| Summary: | Stored topic XML should be UTF-8 | ||
|---|---|---|---|
| Product: | [Community] PressGang CCMS | Reporter: | Dana Mison <dmison> |
| Component: | Web-UI | Assignee: | Matthew Casperson <mcaspers> |
| Status: | CLOSED CURRENTRELEASE | QA Contact: | Dana Mison <dmison> |
| Severity: | urgent | Docs Contact: | |
| Priority: | high | ||
| Version: | 1.x | CC: | cbredesen, dryan, jwulf, sgordon, topic-tool-list |
| Target Milestone: | --- | ||
| Target Release: | --- | ||
| Hardware: | Unspecified | ||
| OS: | Unspecified | ||
| Whiteboard: | |||
| Fixed In Version: | Doc Type: | Bug Fix | |
| Doc Text: | Story Points: | --- | |
| Clone Of: | Environment: | ||
| Last Closed: | 2011-10-05 05:35:14 UTC | Type: | --- |
| Regression: | --- | Mount Type: | --- |
| Documentation: | --- | CRM: | |
| Verified Versions: | Category: | --- | |
| oVirt Team: | --- | RHEL 7.3 requirements from Atomic Host: | |
| Cloudforms Team: | --- | Target Upstream Version: | |
|
Description
Dana Mison
2011-09-06 06:25:42 UTC
*** Bug 741505 has been marked as a duplicate of this bug. *** In fact, Publican cannot build UTF-16 encoded topics: encoding specified in XML declaration is incorrect at line 1, column 30, byte 30: <?xml version="1.0" encoding="UTF-16"?> =============================^ After investigating an issue Josh was having exporting topics from Skynet over HTTP using the topic tool it seems to me that the content itself is actually UTF-8 encoded anyway (I appear to get an error on the first character outside of the header because it's the UTF-8 encoding for a carriage return rather than UTF-16)? The header needs to be updated to match the content, so UTF-8. Further investigation has shown I still get errors on these topics even after trying a few different common encodings in the header (utf-8, us-ascii). I'm not entirely sure why but Xerces chokes on them with this SAXParserException: [Fatal Error] 32.xml:1:40: Content is not allowed in prolog.

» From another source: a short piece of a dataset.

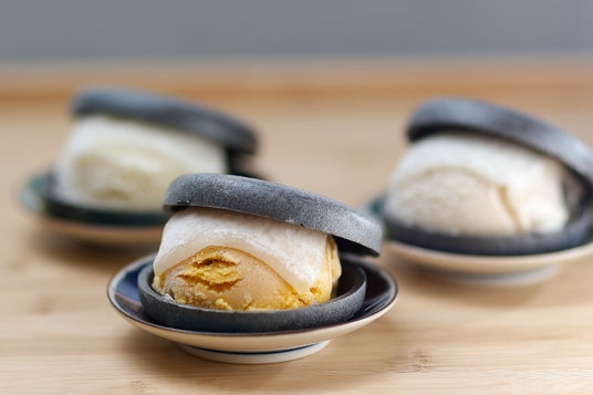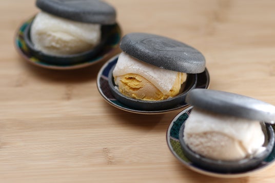 中に包まれるのは大福とジェラート:国産もち米の求肥で丁寧に包み込まれた大福が、濃厚なジェラートと一体となり、ひと口で3つの食感を楽しめます。

Normally this would mean there are errant characters in front of the header but this doesn't appear to be the case. I have noticed that dos style newlines are also in use but again after running the file through dos2unix I still encounter the same issue. The "Content is not allowed in prolog" error is because of a mismatch of encodings. A UTF-8 document that says it is encoded in UTF-16 will actually be interpreted as having a space before each character. So: <?xml version="1.0"?> will be read as: < ? x m l v e r s i o n = " 1 . 0 " ? > The leading space is then reported as an errant characters in front of the header. Unfortunately the Java XML classes will always serialize an in-memory XML document to a string that says it is encoded with UTF-16 - http://www.w3.org/TR/DOM-Level-3-LS/load-save.html#LS-LSSerializer-writeToString. The workaround is to do a simple find and replace to force the encoding to UTF-8 after the XML DOM object has been serialized to a string. Fixed in 20111004-0900 I thought regardless of whether the content is UTF-8 or UTF-16 the header was supposed to be ASCII? Confirming UTF-8 on header output. Skynet internal tools DocBook export now building correctly with Publican. |